I told my doc I had smoked a lot of this in the past as well as taken stimulant drugs and could that have caused my C problems. (I asked as I would always have a good clear out on the stiumulants!!)

He said the stimulants would not have caused motility problems, but cannabis can cause the gut to become 'sluggish'. In his terms.
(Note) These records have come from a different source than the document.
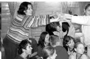
Klub Dobroš 9. října - líčení sama sebe - kurz batikování Víkendový výcvik dobrovolníků z gymnázií v Děčíně a Teplících - 5.- 7.11.

Program Rozvoj občanských čtností středoškoláků byl uskutečněn s podporou Evropského společenství. Obsah tohoto projektu nemusí vyjadřovat stanovisko Evropského společenství či Národní agentury ani nezakládá odpovědnost z jejich strany (Agentura Mládež), projekt byl dále podpořen v rámci dotačního programu Ústeckého kraje.
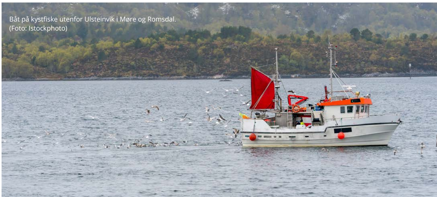
Båt på kystfiske utenfor Ulsteinvik i Møre og Romsdal.

Kvinnens viktige historiske rolle i fiskeri fikk økt oppmerksomhet blant kvinneforskere på 1970- og 80-tallet. Begreper som «det skjulte fisket» og «bakkemannskap» ble lansert for å synliggjøre det viktige arbeidet kvinner gjorde på land for fisket. Kvinner understøttet mennenes aktiviteter som fisker gjennom ulønna arbeid i hjemmet, med produksjon av mat og klær, og pass av barn og dyr i fjøset. Selv om det var anerkjent at fiskerlivet var nærmest umulig uten en kvinne i heimen, var ikke kvinnenes innsats tatt med i det formelle fiskeriregnskapet. En konsekvens av kvinnens uformelle rolle i fiskeri var tap av velferdsrettigheter.
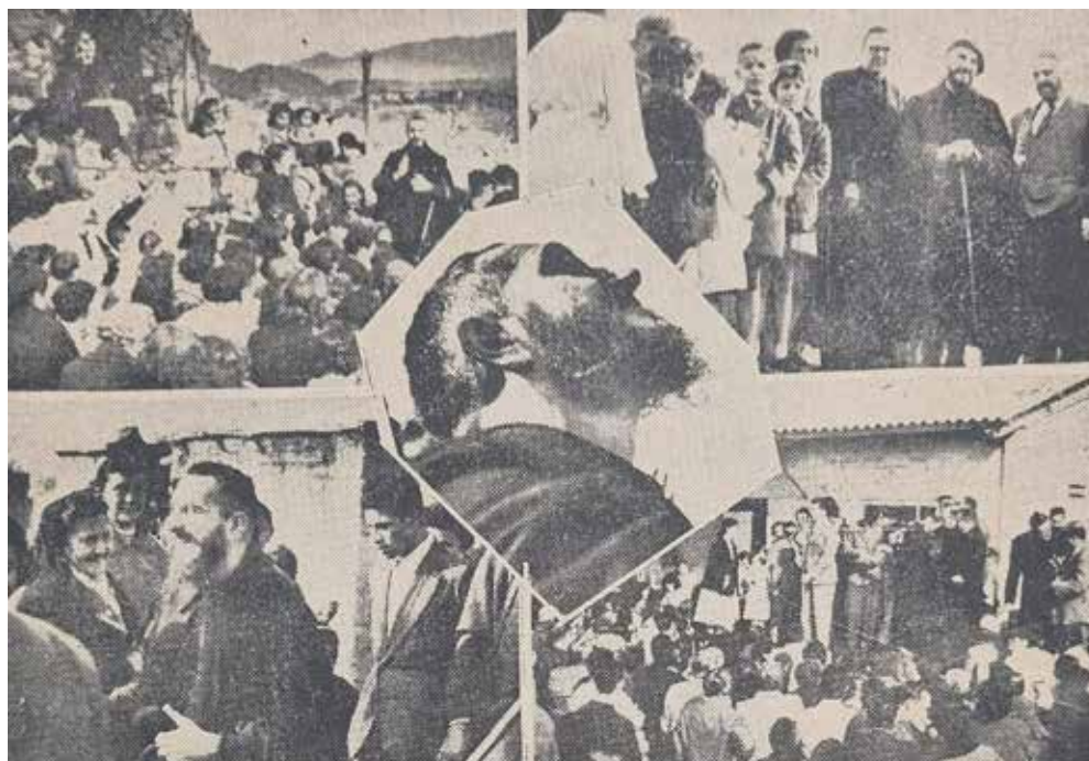
Figura 1. Fotos de la gira del Abbe Pierre por diferentes barrios de Mendoza. ("Antes de dejar Mendoza el Padre Pierre visitó los barrios humildes", 1959)

La preocupación programática de la Iglesia por los sectores más desfavorecidos tuvo sus comienzos hacia fines del siglo XIX, lo que se evidencia en la encíclica Rerum Novarum , elaborada por el Papa León XIII en 1891, que marcó los primeros lineamientos y guio la actuación en materia social. La solución a la desigualdad se encontraba en la intervención de la doctrina de justicia y caridad cristianas que, a su vez, serviría de inspiración a la actuación del Estado (Blanco, 2021). Posteriormente, la encíclica
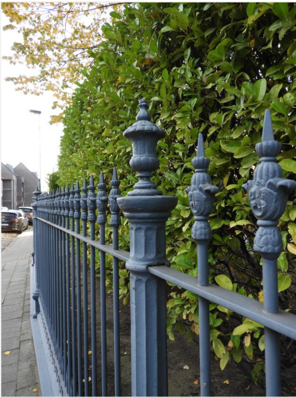
Foto 6: Neoclassicistisch landhuis met omliggende tuin, Dorpsstraat 36 Lier (Koningshooikt). Detail ijzeren hekwerk met gietijzeren tussenzuil en bekroningen.
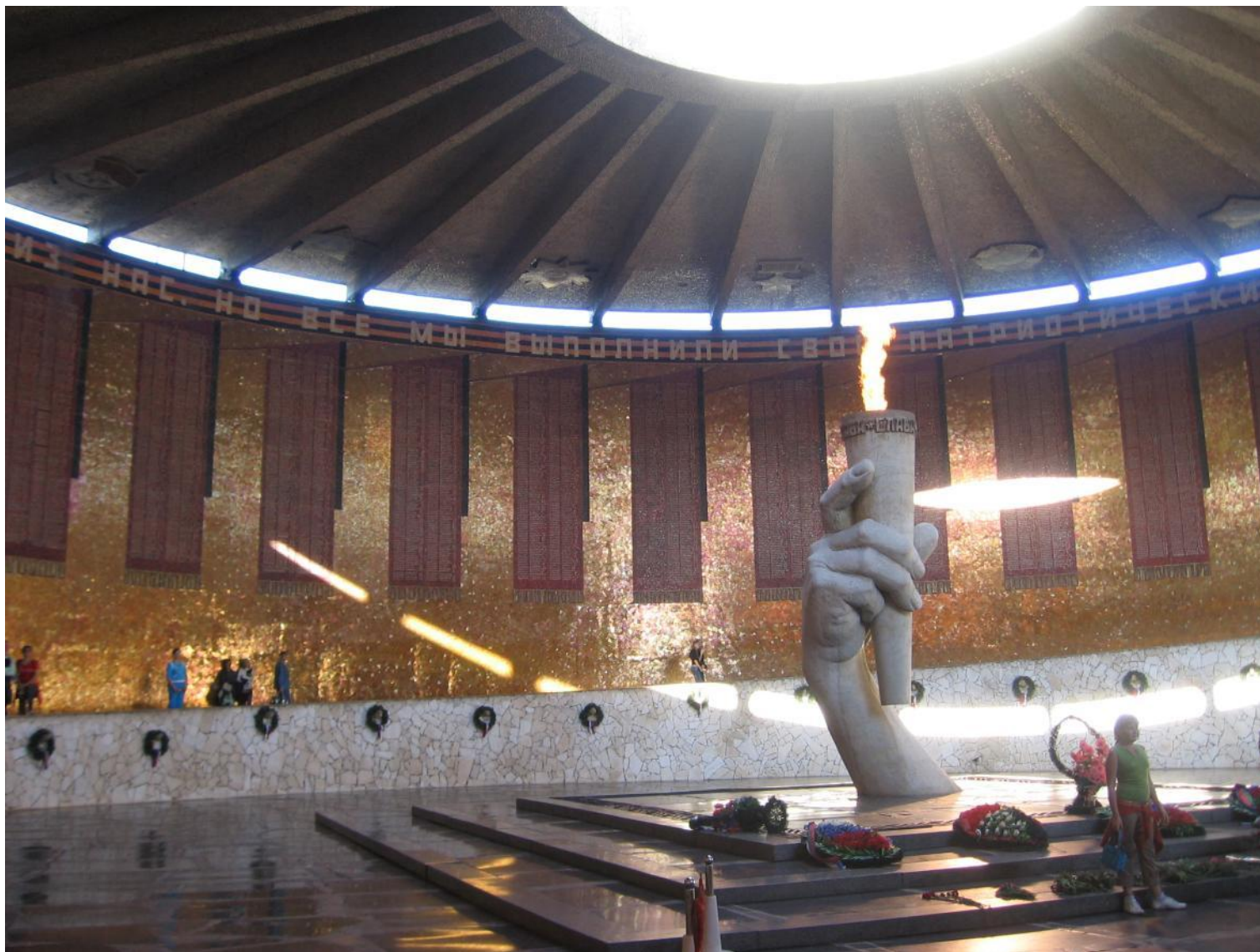
В Зале Воинской Славы звучит музыка, горит Вечный огонь
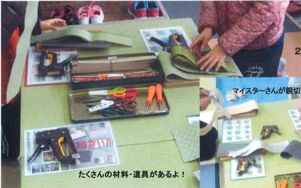
たくさんの材料・道具があるよ！
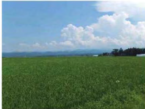
入道雲もモクモクと

川に脚を入れているだけで少し涼しくなれます。海やプールに行ったり、 仲のいい友達と互いの家を行き来しながら、楽しく節電したいと思います。 (SPF50 PA+++でしっかりガードよ！)
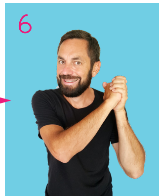
Hop là, hop là !

(Les mains jointes passent sur l'épaule droite puis l'épaule gauche, plusieurs fois, dans un mouvement de balancier)
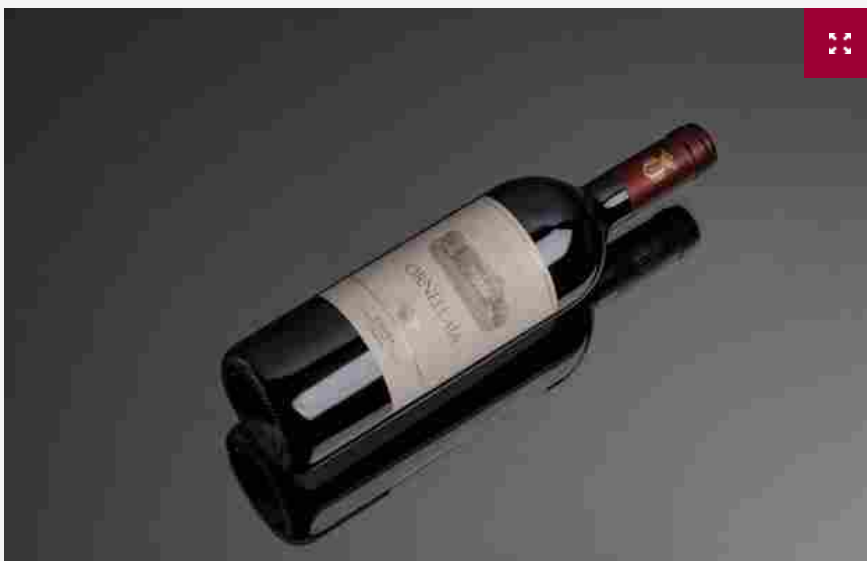
L'Ornellaia 2012 (Frescobaldi) è il "Red wine of the Year" 2022 per "Decanter"
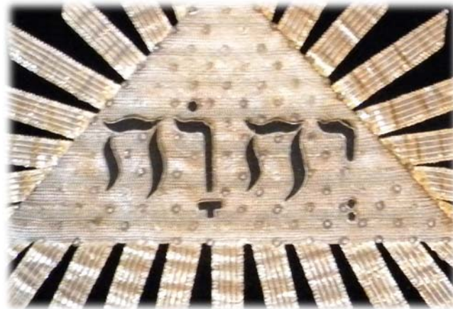
Även på ett predikstolskläde finns gudsnamnet JHWH med hebreiska bokstäver

Namnet Jehova, Jehovah, Jahve eller med de hebreiska bokstäverna JHWH (JHVH) förekommer i en mängd kyrkobyggnader och på olika föremål. Gudsnamnet finns också med i betydelsen i många namn. Exempel: Jesus betyder " Jehova är räddning ". Halleluja betyder " Lovprisa Jah " (Jah är en förkortad form av Jehova)
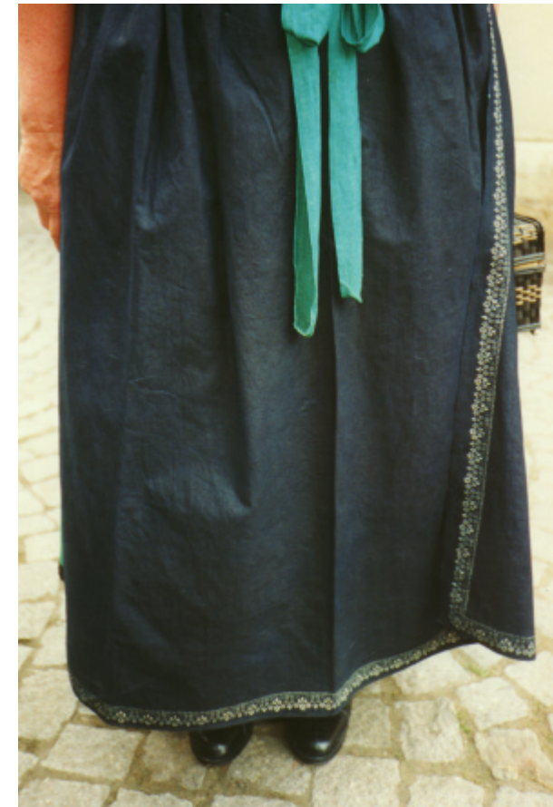
Ansicht der Schürze von vorn:
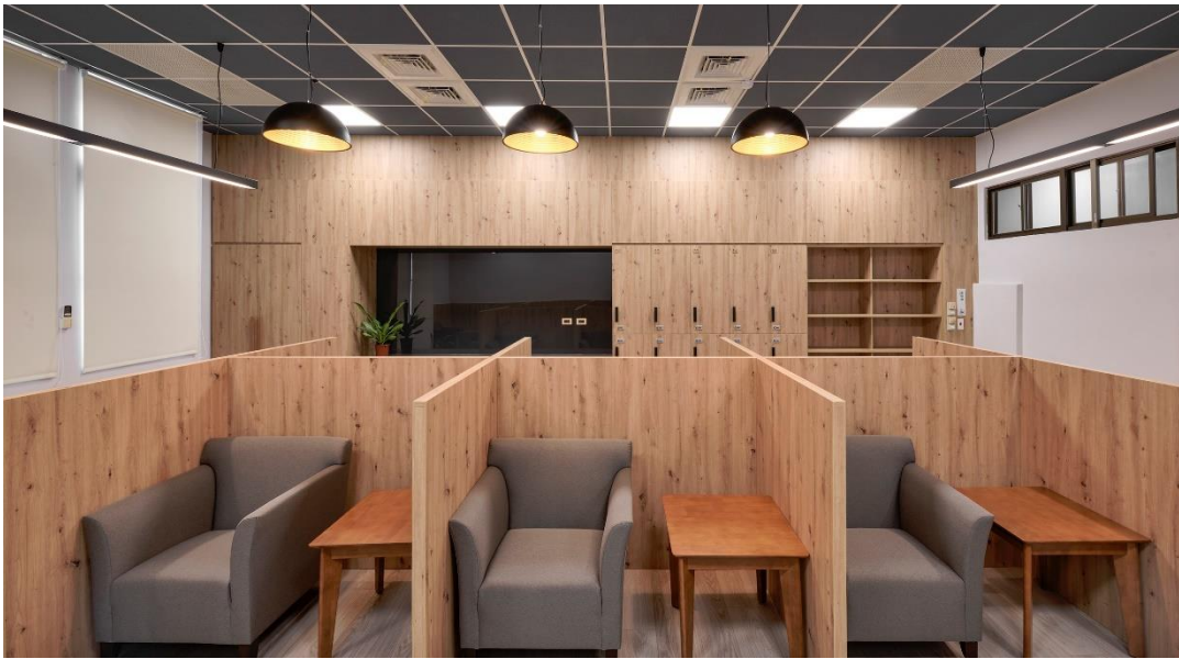
南投地院國民法官休息室
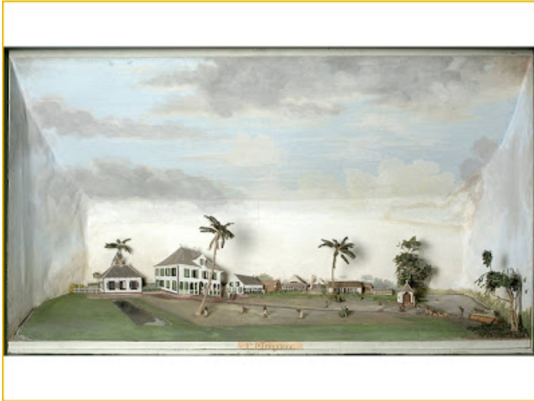
Suikerplantage Merveille. Diorama van Gerrit Schouten
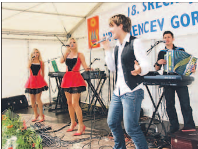
nato pa še mladi člani zasedbe Turbo angels, ki so prav tako navdušili...
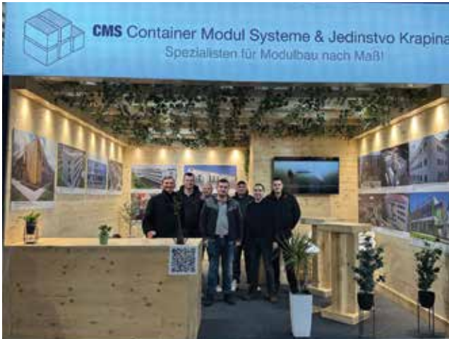
Izložbeni štand hrvatskih izlagača (Jedinstvo Krapina)
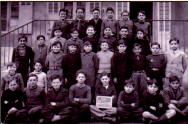
Photo ancienne de classes

Il s'agit de l'Ecole Primaire Communale de la Rue Thieux, mais nous ne disposons pas de beaucoup de précisions : parfois il nous manque même l'année, quant aux noms, ils ne figurent pas dans nos albums. Aussi nous demandons à tous ceux qui sont de cette époque un effort de mémoire pour nous communiquer toutes les informations utiles relatives à cette classe dont nous publions la photos. Il y en aura d'autres par la suite.
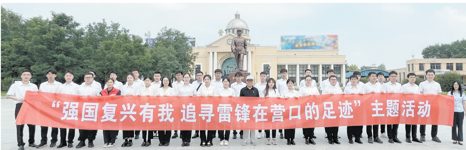
2023年8月15日，市雷锋文化博物馆与国网营口供电公司共同开展“强国复兴有我 追寻雷锋在营口的足迹”主题活动。
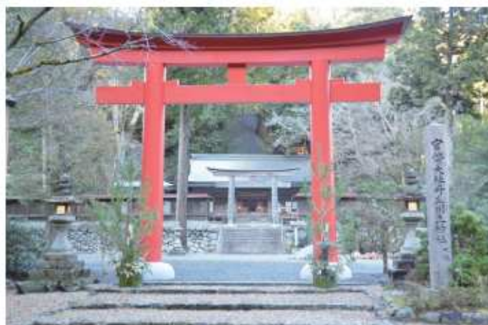
新しい鳥居で迎春 ～丹生川上神社下社～

人 口 5,802人 (-25) 男 2,722人 (-11) 女 3,080人 (-14) 世帯数 2,519世帯 (-8) ( )内は前月比 出生 2人 死亡 13人 転入 3人 転出 17人

Def increases appetite though


----------



## IndianRopeTrick (Jul 25, 2013)

I am not in an extreme position, so I don't really need weed. But for those who might need it, this video (Dr.Sanjay Gupta) might help in making a decision -

It says that get a variety which has more CBD and less THC (the part that gets people "high").


----------



## Alyeska Martinez (Sep 9, 2013)

I'm considering trying it. It seems like it would help relax the muscles that are always spasming. I'd love to hear more experiences though.


----------



## flitwit (Oct 3, 2013)

I live in California, and had a prescription for medical marijuana before I became sick. I was in college, and studying was about all I did, all day, every day. At night my brain just wouldn't turn off, I couldn't relax, so I smoked just before bed, basically using it as a sleep aid or to just relax. Anyway, after becoming ill and developing IBS (which became severe pretty much overnight), I tried smoking as I always did at night, and it made things so much worse. I was so weak from D that the added lethargy and effects from the MJ just made things unbearable. I mean think about how it feels to have an IBS episode that wakes you from deep sleep. It's brutal. It gave me so much anxiety, and I had been smoking for about a year at that point, so I was well used to the effects of MJ. I also had / have severe back pain, and it did absolutely zilch for that. Not even the slightest bit did it relive the pain.

So, I wouldn't recommend it... I don't see the benefit. It did nothing to calm my system.

BTW, when I went to the ER (when the back pain and D struck) they gave me morphine for the pain... they insisted. Wow, what a way to make a really agonizing time even worse. Nightmare of a night that was.


----------



## un800 (Aug 29, 2010)

I've tried the Indica strain, "Headband" for pain and it just amplified my back pain. I'm not a novice with this stuff.

I didn't smoke a ton if it. Was happy, not high. All it does for me is double how bloated I get and increases back and joint pain.

Not a huge fan of it as a solution for IBS. It does help with my PTSD issues. That's my input.


----------



## Leo41 (Dec 13, 2010)

Funny how this thread fell by the wayside.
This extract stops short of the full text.